Open Mon–Thu midday–midnight; Fri midday–2.30am; Sat 5pm–2.30am; May Bank Holiday Sunday 5pm–2am
The description of House of Roxy combining first-rate tapas with speakeasy chic ticked all the boxes for my best Sex And The City impression. However, unfortunately – and this place has opened so recently you can almost smell the fresh paint – they seem to have made the mistake of launching without first deciding what they want to be: restaurant, bar, or club. It’s not that it’s all bad, and there are flashes of very good (particularly the food), but it smacks of identity crisis.
House of Roxy is a tale of two halves, split between a restaurant on street level and a bar downstairs. The two share a common entrance, but it’s here the commonality ends. While the restaurant is all high-ceilinged civility, replete with wall-art and glass doors, the bar area contrasts starkly with multi-coloured graffiti murals, more bouncers than clientele and blaringly loud music (audible even at 8pm upstairs in the restaurant due to the designer’s preference for hard furnishings and laminate floors). ‘Speakeasy’ is a blatant misnomer on all fronts: the bar is brash and feels more like a provincial branch of Vodka Revolution than a refined accompaniment to the restaurant atop.
Unfortunately, the classiness of the restaurant seems equally superficial. While the décor is modern and bright, the fixtures feel flimsy and cheap. The illusion crumbled further upon venturing to the pokey and drafty bathroom, located downstairs, which necessitated walking through the bar area. This made me feel like an uncool older sibling coming down to check on a cooler, younger sibling busy getting drunk in the basement. Altogether awkward.
The crowd was quite a mix, probably reflecting the newness of the place. In the restaurant the crowd was mostly couples, spanning a forty-year age range, but with no children in sight. In the bar was a generally younger crowd with a couple of larger groups – plus a lost-looking trio of fifty-somethings who had presumably wandered down post-dinner.
The food, I have to say, was the saving grace for House of Roxy. There’s a choice between a tapas menu and limited à la carte. We tried the scallops with cauliflower puree and tempura prawns from the tapas menu for starters (£6–£7), which were delicious – especially the scallops which were beautifully soft. For our mains (£15–£18) we had the lamb chops in redcurrant jus (also delicious, and perfectly cooked) and enjoyed the summery Mediterranean flavours of the sea bass with Lyonnaise potatoes. For pudding we got totally carried away and had lemon tart and cheesecake – both, again, very good. Aside from the fish, which was ever so slightly dry, I really cannot fault the food – it was mouthwatering.
However, again disappointingly, the service ranged from friendly – albeit very informal – to nonchalant. Inconsistencies and indiscretions indicated a limited level of staff training, at odds with the lofty pretense of House of Roxy as a high-end dining experience. This was worsened by the acoustics; you could hear every word of the staffs’ discussions about what level of discount they should offer to the table who returned their wine, and who West London Living was, anyway.

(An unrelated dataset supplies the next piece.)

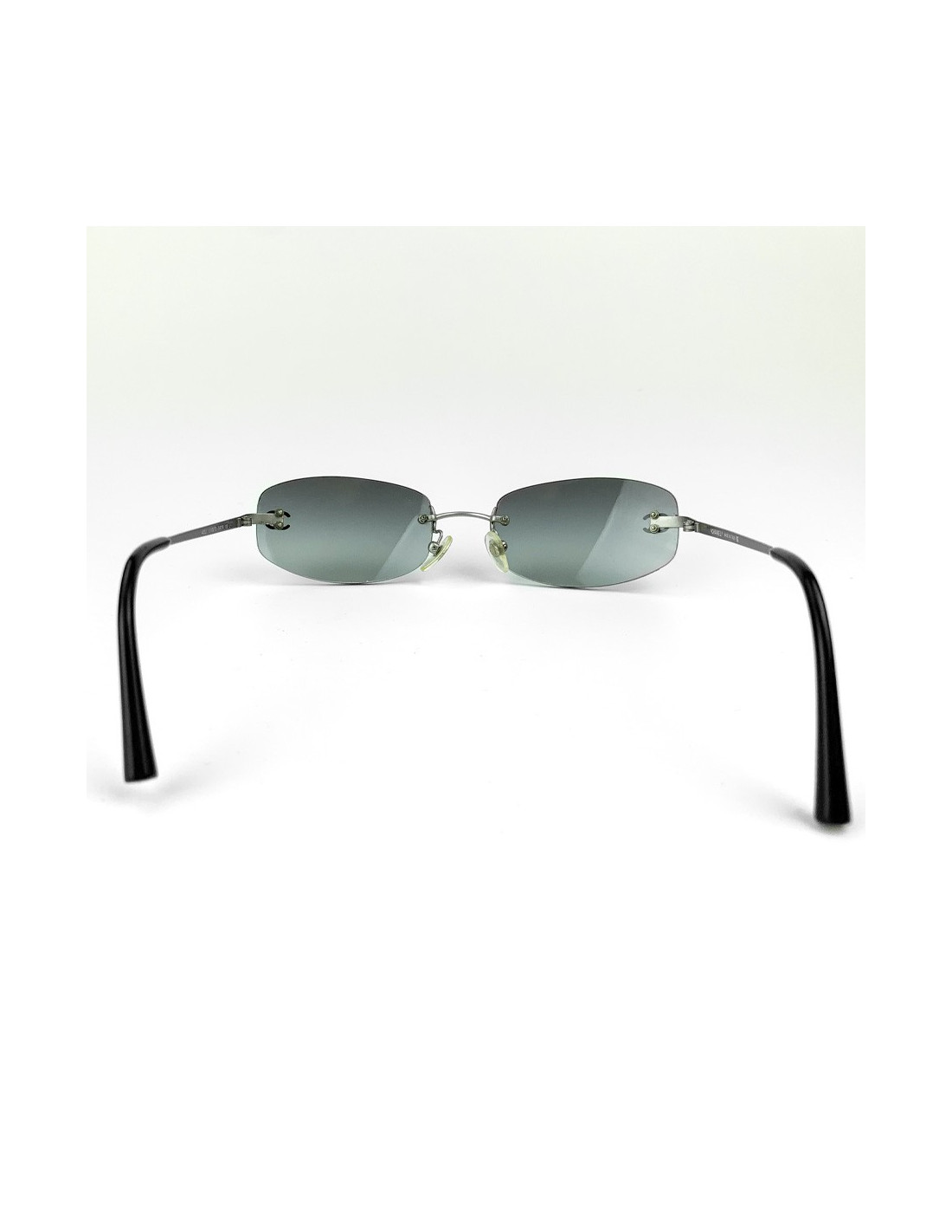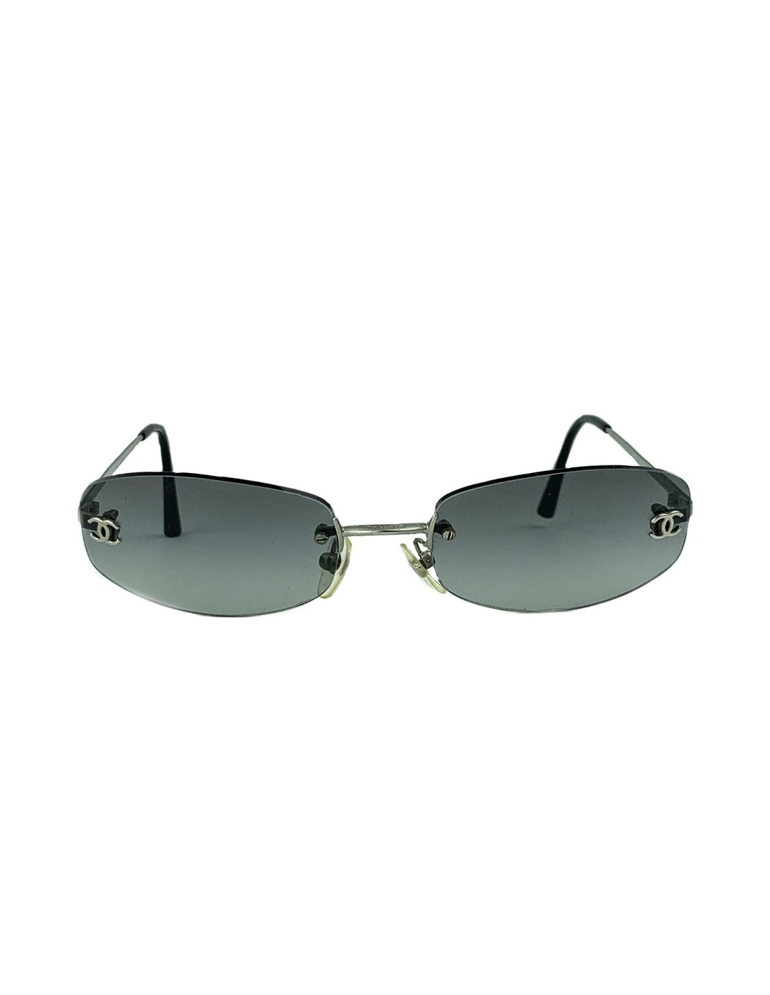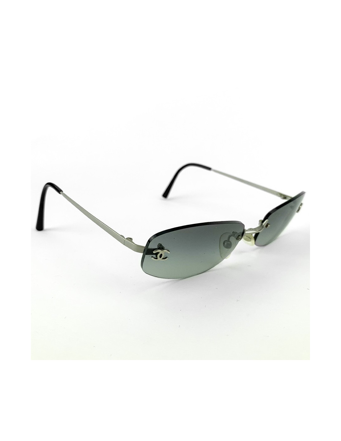 Les lunettes de soleil sont de la Maison CHANEL. Elles sont légères à porter, de forme ovale, les verres gris, et l'armature en métal argenté mat. Chaque verre comporte le CC argent mat de la marque.

After dinner we ventured into the bar, which was tiny, cramped and – dare I say it – a bit smelly. I ordered an Amaretto sour and a virgin mojito. Service was slow and the barman seemed to rather give up on the sour halfway through, abandoning the egg-white (a key ingredient) after accidentally popping the yolk and just left it out of the cocktail. Although the mojito was excellent in taste and presentation – much like the inconsistencies with style and service, why can’t they get it right every time?
I had a fun evening in House of Roxy, but most of this stemmed from the running theme of confusion and awkwardness which we found quite amusing. For other, less patient clientele, this may not have been the case. I’ve been to other places where the restaurant/bar duo works extremely well (if anyone’s planning a trip to the Cotswolds I’d thoroughly recommend the George Hotel in Cheltenham), but here it just seemed confused and ill-conceived. My advice? Cut your losses; separate bar from restaurant and focus on the individual character and most importantly, customer experience of each. With the quality of the food and the central Putney location, they really should be onto a winner.